The full FCC voted to impose a per station penalty of $512,228 against 14 broadcasters and a reduced $30,000 penalty against another over violations of good faith negotiation rules in retransmission consent negotiations with AT&T and subsidiary DirecTV. The 4-0 heavily redacted forfeiture order was released Wednesday afternoon.
DOJ will require Gray Television to divest stations to Byron Allen’s Allen Media as a condition of approving Gray’s proposed $925 million buy of Quincy Media, an arrangement that mirrors the divestiture plan Gray announced in April (see 2104290067). DOJ’s announcement Wednesday is likely a sign that the Quincy acquisition will close in the coming days, said an informed broadcast lawyer. “Without the required divestitures, Gray’s acquisition of Quincy threatens significant competitive harm to cable and satellite TV subscribers and small businesses that advertise on broadcast television,” said Antitrust Division acting Assistant Attorney General Richard Powers. DOJ filed a civil antitrust suit alongside its proposed settlement in U.S. District Court in Washington.
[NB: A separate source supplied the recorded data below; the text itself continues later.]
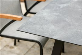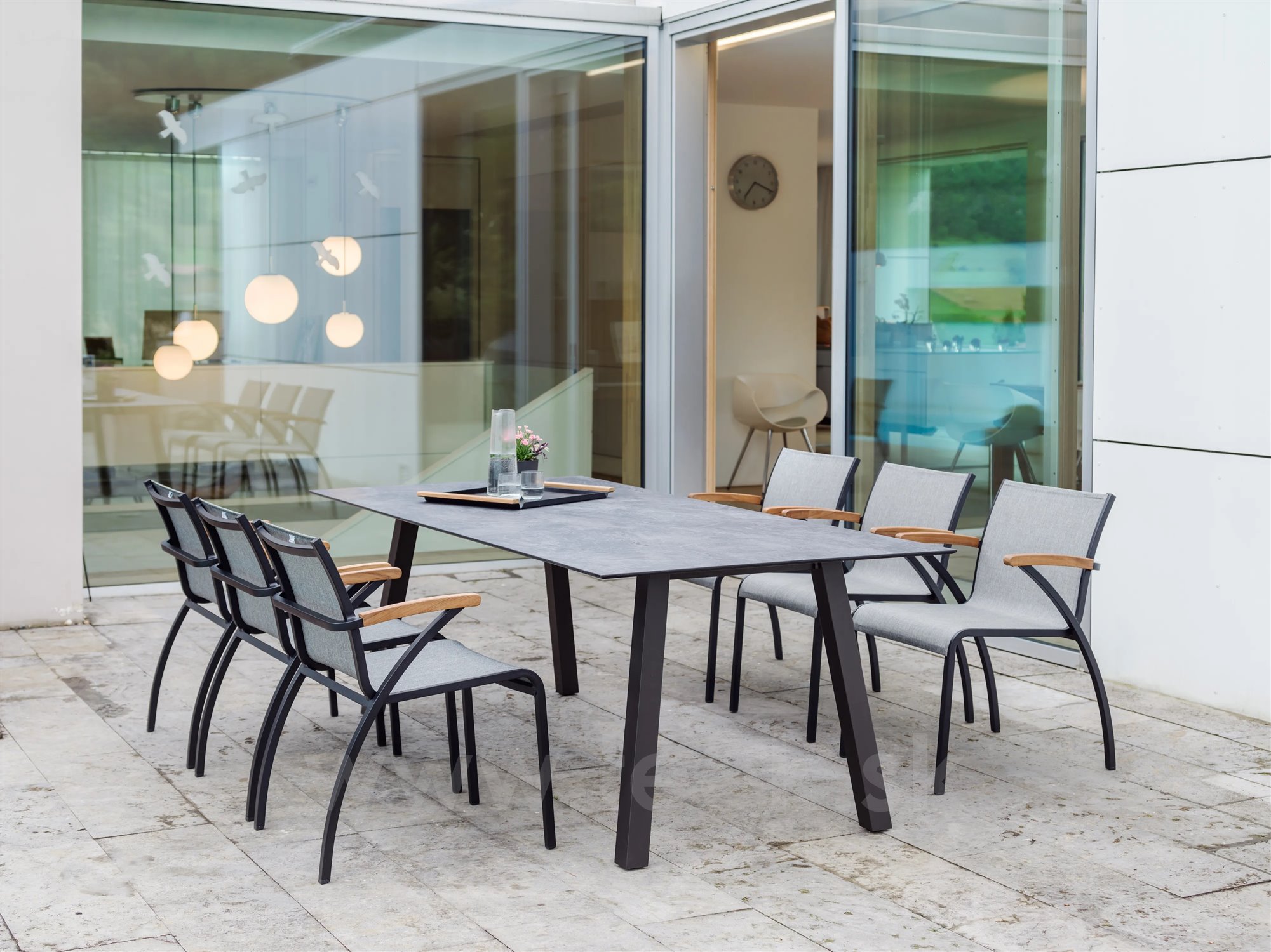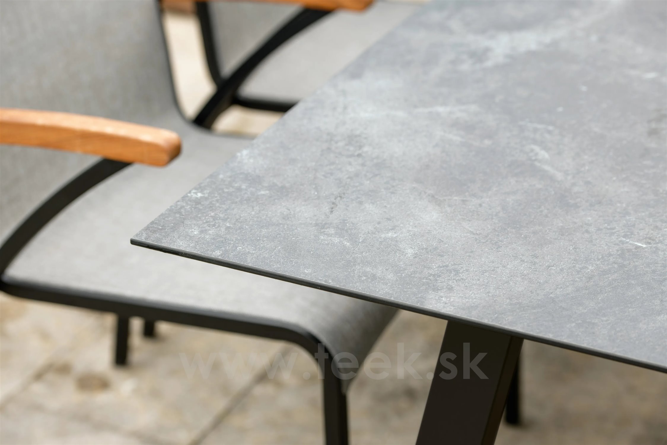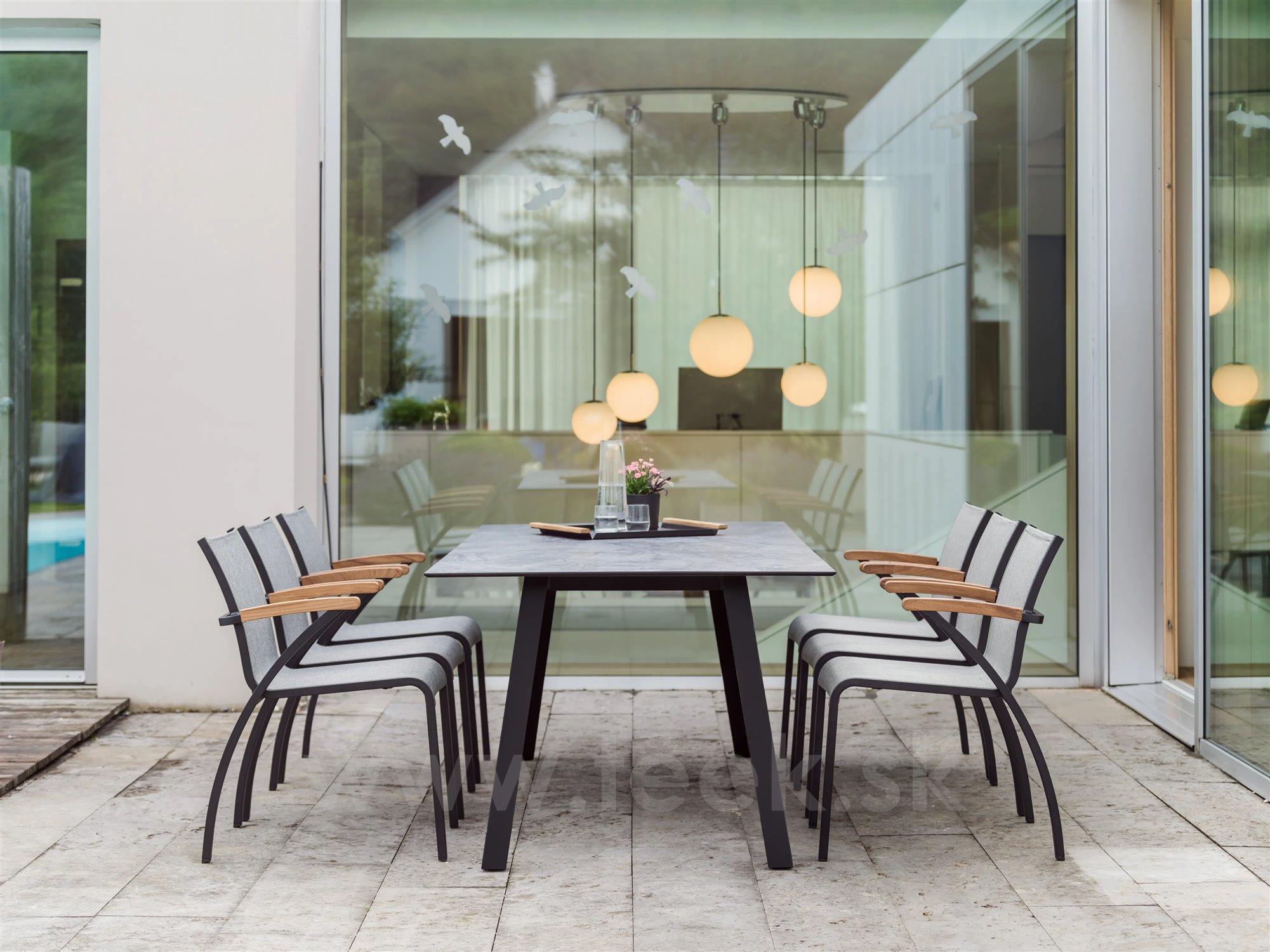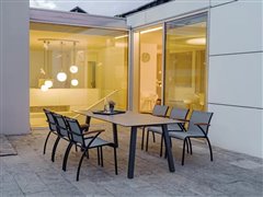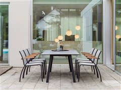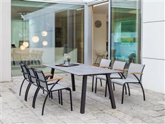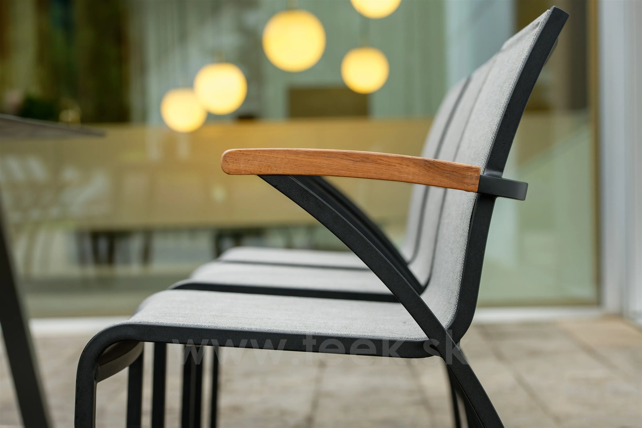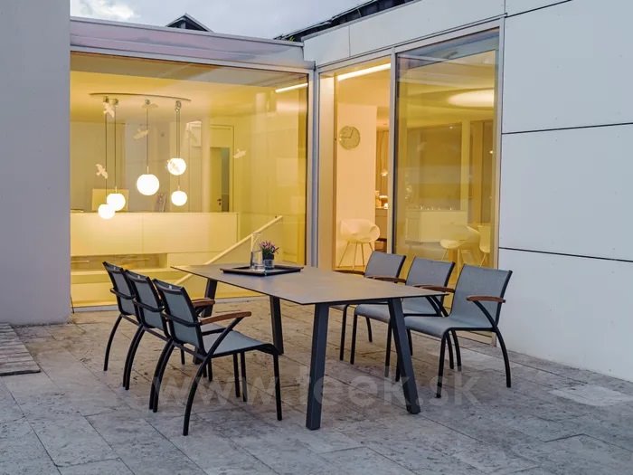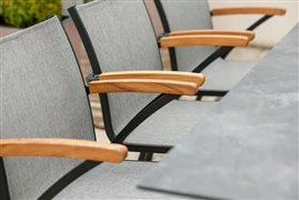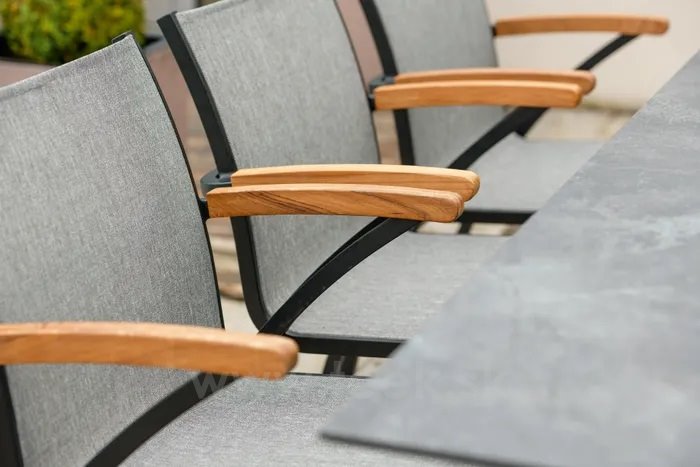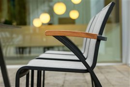 Venkovní jídelní křesla z lakovaného hliníku a teakového dřeva.
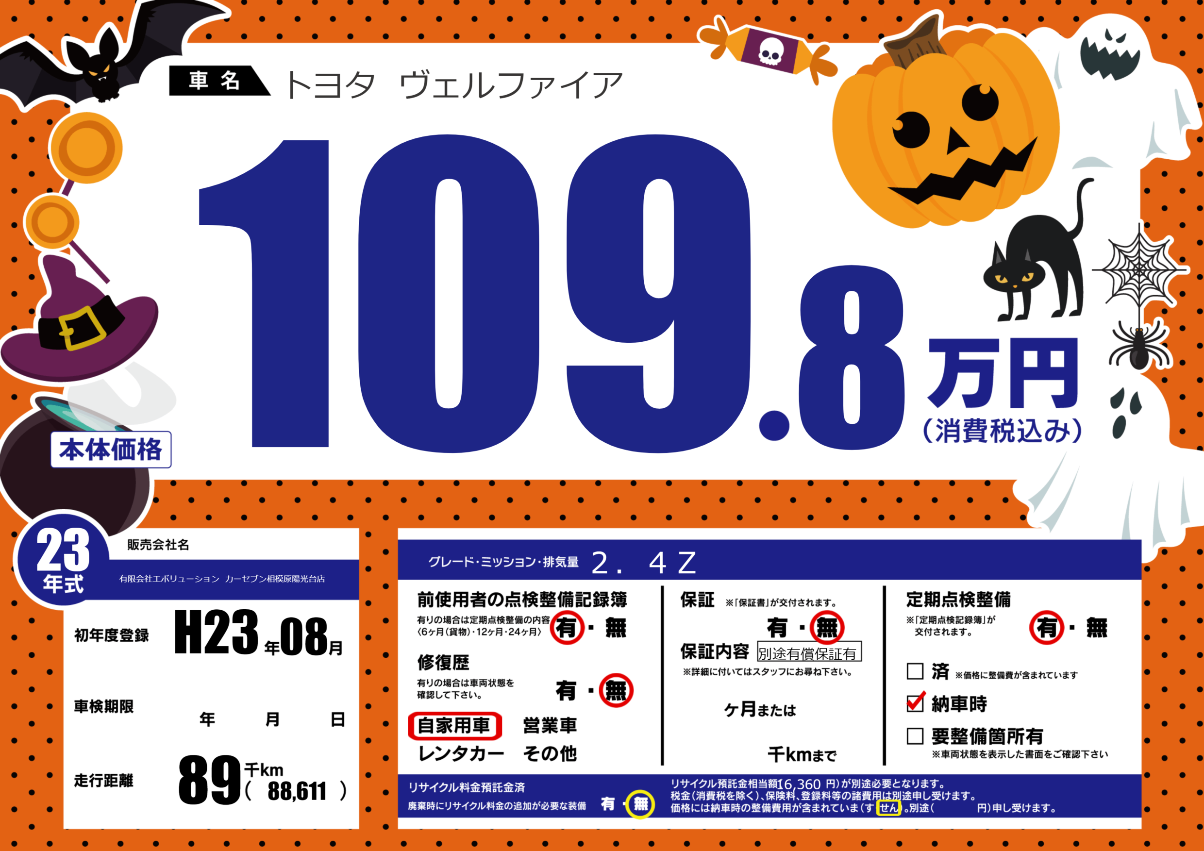 | 走行キロ | 8.9万km | 初年度登録 | H23年08月 |
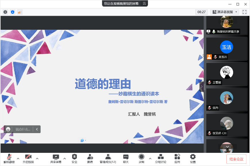 会议伊始,隗誉铭首先为我们介绍了由詹姆斯·雷切尔斯和斯图尔特·雷切尔斯所著的《妙趣横生的通识读本:道德的理由》一书。此书围绕以追问何为道德,讲述了道德判断必须基于充足的理由,还要公平地考虑每一个个体的利益。它提示我们应要思考伦理学或者道德哲学所要探讨的问题,来指导我们的日常生活。同时,隗誉铭在汇报中还重点介绍了包括文化相对主义、伦理主观主义、伦理利己主义、社会契约理论、功利主义等在内的道德相关理论,并对如何看待事物以及应保有什么样的价值观表达了自己的感想。随后,王馨凝和樊镁汐同学分别从自身经历和罗翔的《法律的细节》引申了对道德与法制的进一步思考。
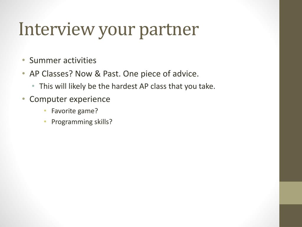Interview your partner • Summer activities • AP Classes? Now & Past. One piece of advice. • This will likely be the hardest AP class that you take. • Computer experience • Favorite game? • Programming skills?
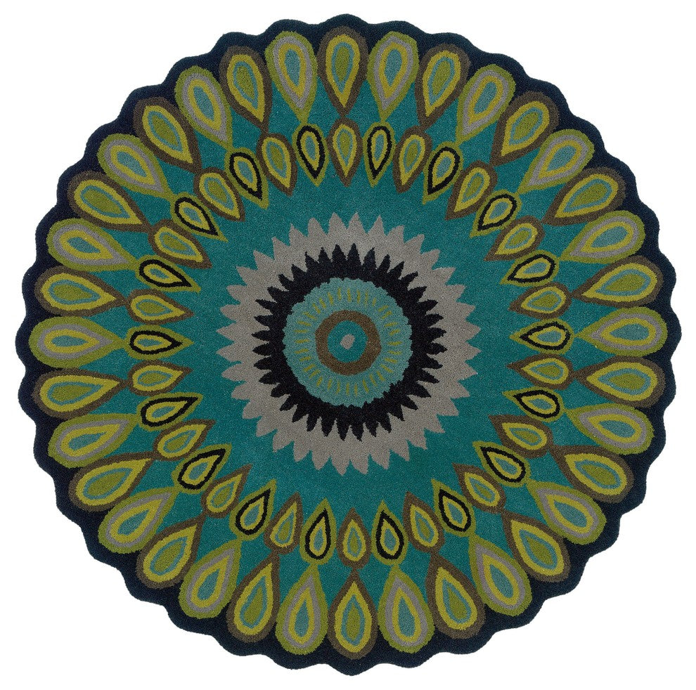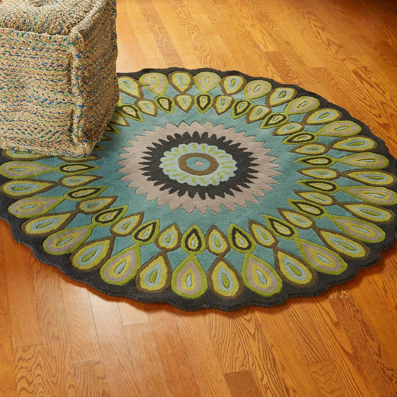 Hand tufted in India, this piece is handmade for your home. This rug features many unique details such as the peacock themed design, the scalloped edges, and rich coloring. The scalloped edges provide a great transition from rug to hardwood or even carpet. The medallion center with its deep colors catches the eye and brings attention to this masterpiece''s detailing. Bring this piece home today for great style and rich coloring!
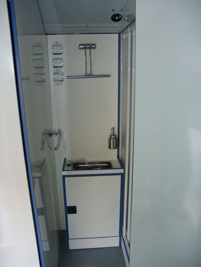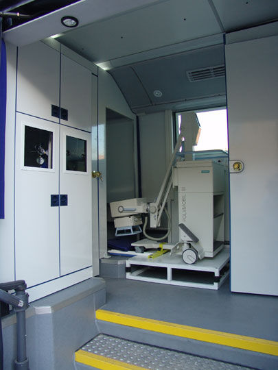 Xray equipment, washbasin, shower cabin, WC are located in the middle of the vehicle.
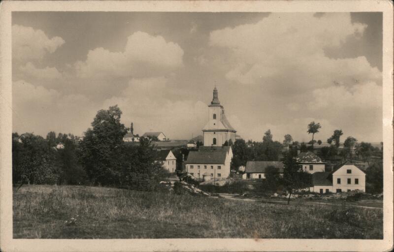 A view of the church and surrounding village of Butovice. Trees and grassy fields are visible in the foreground.
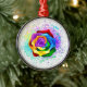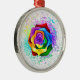 Large, blooming rose with rainbow petals on white background, painted over with splashes of colourful, bright paint. 3d
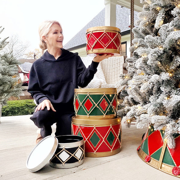 But they're not just pretty. Each drum opens up for storage—gift wrap, ribbons, ornaments, holiday cards. Display them all season, and boom, your storage is handled without anyone knowing. When January hits, they nest together for compact storage. 🎁
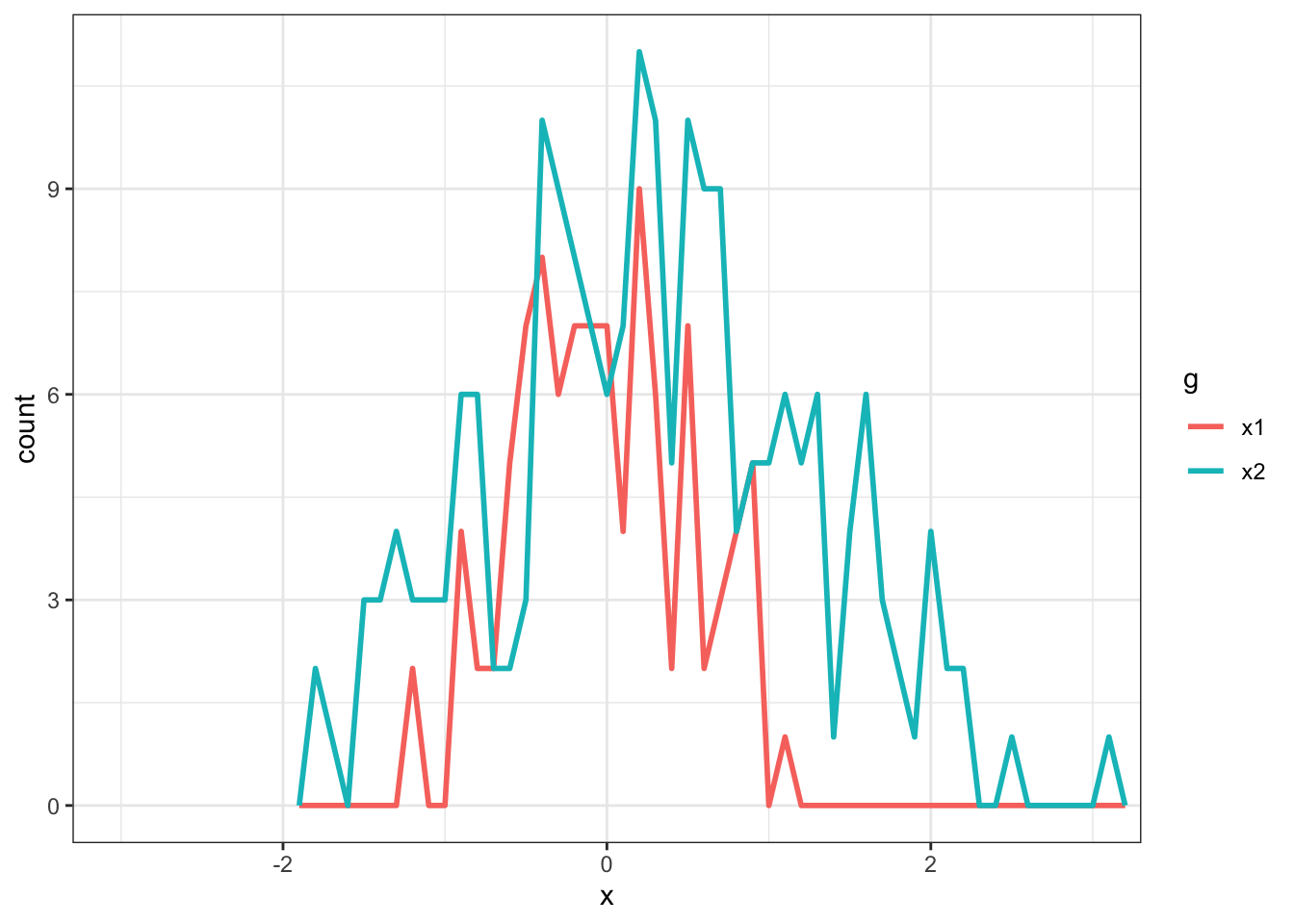 freqpoly<-function(x1, x2, binwidth=0.1, xlim=c(-3, 3)){df<-base::data.frame( x =base::c(x1, x2), g =base::c(base::rep("x1", base::length(x1)), base::rep("x2", base::length(x2))))ggplot2::ggplot(df, ggplot2::aes(x, colour =g))+ggplot2::geom_freqpoly(binwidth =binwidth, linewidth =1)+ggplot2::coord_cartesian(xlim =xlim)}t_test<-function(x1, x2){test<-stats::t.test(x1, x2)# use sprintf() to format t.test() results compactlybase::sprintf("p value: %0.3f\n[%0.2f, %0.2f]",test$p.value, test$conf.int[1], test$conf.int[2])}### prepare valuesx1<-stats::rnorm(100, mean =0, sd =0.5)x2<-stats::rnorm(200, mean =0.15, sd =0.9)### call functionsfreqpoly(x1, x2)base::cat(t_test(x1, x2))
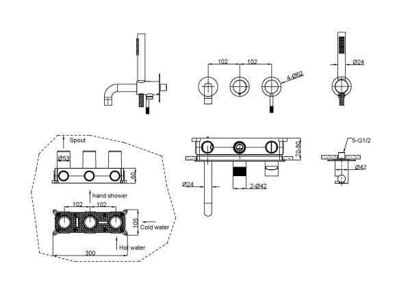 - Настенный при котором внутренняя часть врезается в стену. Температура воды регулируется внешней накладкой. Установить такую модель несложно самому, с минимальным инструментом, а комплектующие включены в цену.
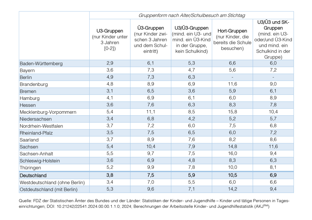 Die Personal-Kind-Schlüssel werden jährlich für verschiedene Gruppenformen und in der Regel auf Länderebene berichtet. Im Folgenden ist eine Zeitreihe für Gruppen mit unter 3-Jährigen und Gruppen mit Kindern ab 3 Jahren bis zum Schuleintritt abgebildet sowie eine differenzierte Tabelle mit den aktuellsten Personal-Kind-Schlüsseln 5 Gruppenformen auf Länderebene.
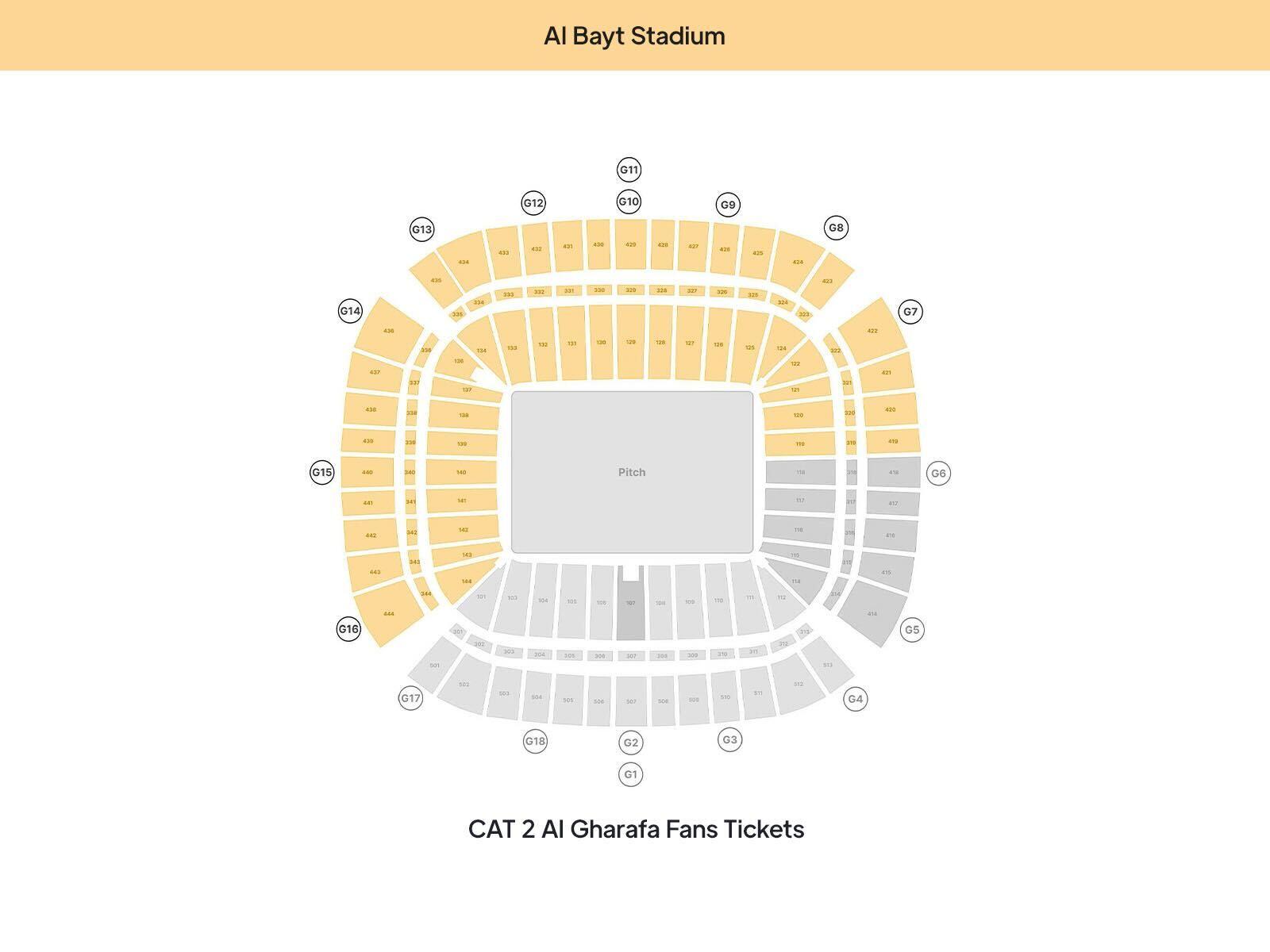 AL GHARAFA SC vs AL AIN FC Football Match in the AFC Champions League group stage on October 1st 2024 at 9PM in Al Bayt Stadium, Al Khor. This category of Tickets is only for Al Garafa Fans. Gates to this ticket category are G7, G8 , G9 , G10 , G11 , G12 and G13

Without the divestiture plan, the transaction “would enable Gray to blackout more Big Four stations simultaneously” in the overlapping markets “than either Gray or Quincy could blackout independently today,” DOJ said. Powers said the divestitures are “a complete resolution” of DOJ’s concerns and praised the broadcasters involved as acting in “good faith.” The 10 divestitures involve seven markets: KVOA Tucson; WKOW Madison, Wisconsin; WSIL-TV Harrisburg, Illinois, and its satellite station KPOB-TV Poplar Bluff, Missouri; KWWL Waterloo, Iowa; Wisconsin's WXOW La Crosse and satellite WQOW Eau Claire; Wisconsin's WAOW Wasau and satellite WMOW Crandon; and WREX Rockford, Illinois. Neither Gray nor Allen Media commented Wednesday. Gray said in April the arrangement was intended to facilitate regulatory approval of the Quincy deal, which will send 11 stations to Gray. The divestitures don’t include the CW and MeTV programming streams broadcast on the digital subchannels of the stations, the DOJ proposed final judgment said. “Defendants’ retention of those CW and MeTV programming streams will not prevent the divestiture buyer from operating the Divestiture Stations as viable, independent competitors.”